### Provided material

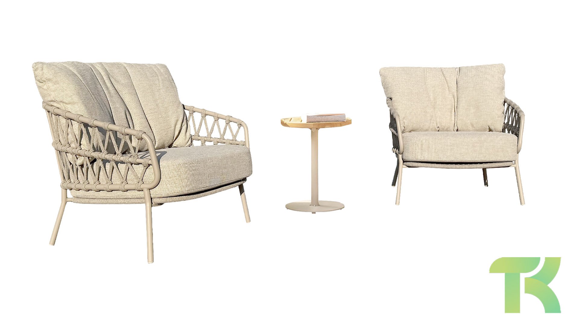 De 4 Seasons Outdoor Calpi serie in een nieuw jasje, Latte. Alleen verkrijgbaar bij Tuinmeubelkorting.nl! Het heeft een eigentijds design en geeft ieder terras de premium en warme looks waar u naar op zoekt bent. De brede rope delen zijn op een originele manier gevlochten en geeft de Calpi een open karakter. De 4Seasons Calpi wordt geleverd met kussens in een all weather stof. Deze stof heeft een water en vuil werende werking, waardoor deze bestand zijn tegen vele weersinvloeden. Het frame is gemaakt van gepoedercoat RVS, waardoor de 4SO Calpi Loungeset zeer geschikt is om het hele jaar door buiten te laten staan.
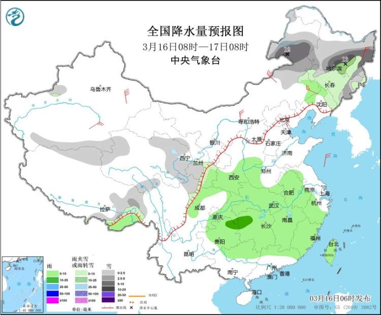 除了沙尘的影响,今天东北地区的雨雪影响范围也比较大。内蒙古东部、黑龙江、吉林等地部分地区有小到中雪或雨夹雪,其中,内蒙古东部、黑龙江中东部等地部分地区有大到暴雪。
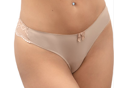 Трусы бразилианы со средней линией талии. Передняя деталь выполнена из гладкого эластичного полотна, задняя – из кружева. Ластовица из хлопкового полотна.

### Required action
In the reply, each line of the data must appear exactly as written, and no picture may appear.

### Answer space
 De 4 Seasons Outdoor Calpi serie in een nieuw jasje, Latte. Alleen verkrijgbaar bij Tuinmeubelkorting.nl! Het heeft een eigentijds design en geeft ieder terras de premium en warme looks waar u naar op zoekt bent. De brede rope delen zijn op een originele manier gevlochten en geeft de Calpi een open karakter. De 4Seasons Calpi wordt geleverd met kussens in een all weather stof. Deze stof heeft een water en vuil werende werking, waardoor deze bestand zijn tegen vele weersinvloeden. Het frame is gemaakt van gepoedercoat RVS, waardoor de 4SO Calpi Loungeset zeer geschikt is om het hele jaar door buiten te laten staan.
 除了沙尘的影响,今天东北地区的雨雪影响范围也比较大。内蒙古东部、黑龙江、吉林等地部分地区有小到中雪或雨夹雪,其中,内蒙古东部、黑龙江中东部等地部分地区有大到暴雪。
 Трусы бразилианы со средней линией талии. Передняя деталь выполнена из гладкого эластичного полотна, задняя – из кружева. Ластовица из хлопкового полотна.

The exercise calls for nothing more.